3. Es gibt ein Ende des Leids

Als Ziel zeigt Buddha Befreiung und Erleuchtung. Bei der Befreiung (kleines Nirwana) wird die Vorstellung von einem wirklich existierenden „Ich“ als trügerisch durchschaut. Widerstreitende Gefühle kommen zur Ruhe, Einsicht und Klarheit und ein Zustand des Freiseins von allen Begrenzungen und Einengungen entstehen.

Erleuchtung (großes Nirwana) ist die volle Erfahrung der Natur des Geistes: Die Schleier der Unwissenheit sind entfernt und alle dem Geist innewohnenden Eigenschaften sind voll entfaltet.
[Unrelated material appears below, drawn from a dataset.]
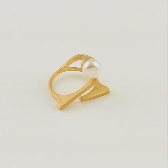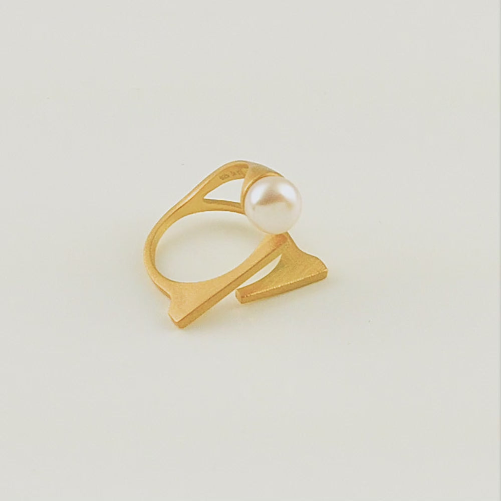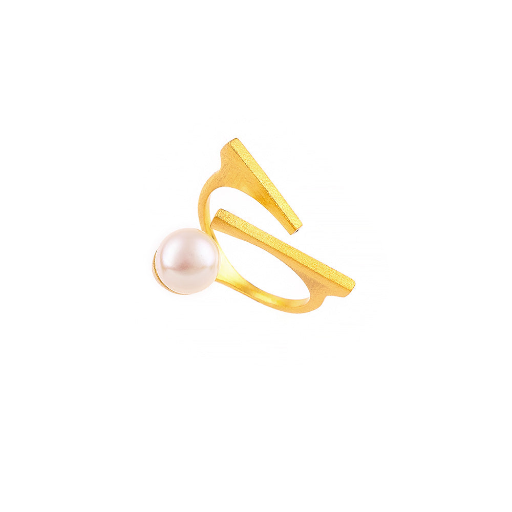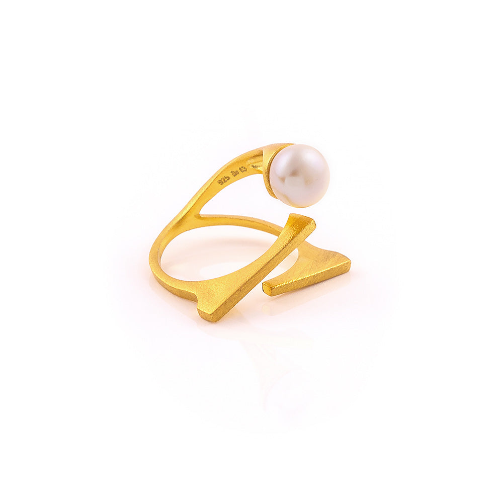 Ασημένιο δαχτυλίδι 925ο σε μοντέρνο ανοιχτό σχήμα με συμμετρικό τελείωμα στα δύο άκρα και επιμήκυνση της κορυφής που καταλήγει σε στρογγυλό μαργαριτάρι του γλυκού νερού. Η αποτύπωση του συνδυασμού της  σταθερότητας με τη φινέτσα, ως απόδειξη πως το τέλειο κόσμημα υπάρχει.

Denn seinem absoluten Wesen nach ist das Bewusstsein allwissender furchtloser Raum, seine Erfahrung höchste Freude. Aus jeder seiner Handlungen drückt sich „nicht trennendes Mitgefühl“ aus, liebevoll wie die Sonne, die von sich aus unterscheidungslos auf alles strahlt.

4. Es gibt einen Weg zum Ende des Leids

Dieser Weg besteht in der Anwendung der zeitlos gültigen Mittel, die Buddha gab. Eine entsprechende Sichtweise, Meditation und Verhalten bedingen sich gegenseitig und entfalten alle Eigenschaften von Körper, Rede und Geist.

In den 45 Jahren seines Lehrens gab Buddha 84.000 Lehren, die es seinen Freunden und Schülern erlaubten, je nach Fähigkeit jeden Augenblick des Lebens zu einem Schritt auf dem Weg zu Befreiung und Erleuchtung zu machen.Im Theravada lehrte er über Ursache und Wirkung (Karma), dass wir selbst unser Leben erschaffen. Über das Entwickeln von Achtsamkeit, Konzentration und Einsicht lernen wir, den Körper, die Rede und den Geist Glück bringend für andere und uns selbst zu verwenden (vgl. Der Edle Achtfache Pfad). Im Großen Weg lehrte er die Bedeutung von Mitgefühl und Weisheit als eine befreiende Einstellung und Sichtweise (vgl. Lojong-Geistestraining). Im Diamantweg zeigte er ihnen Meditationen auf Buddhaformen, durch die sie sich mit den nicht bedingten Qualitäten des eigenen Geistes kraftvoll identifizieren konnten.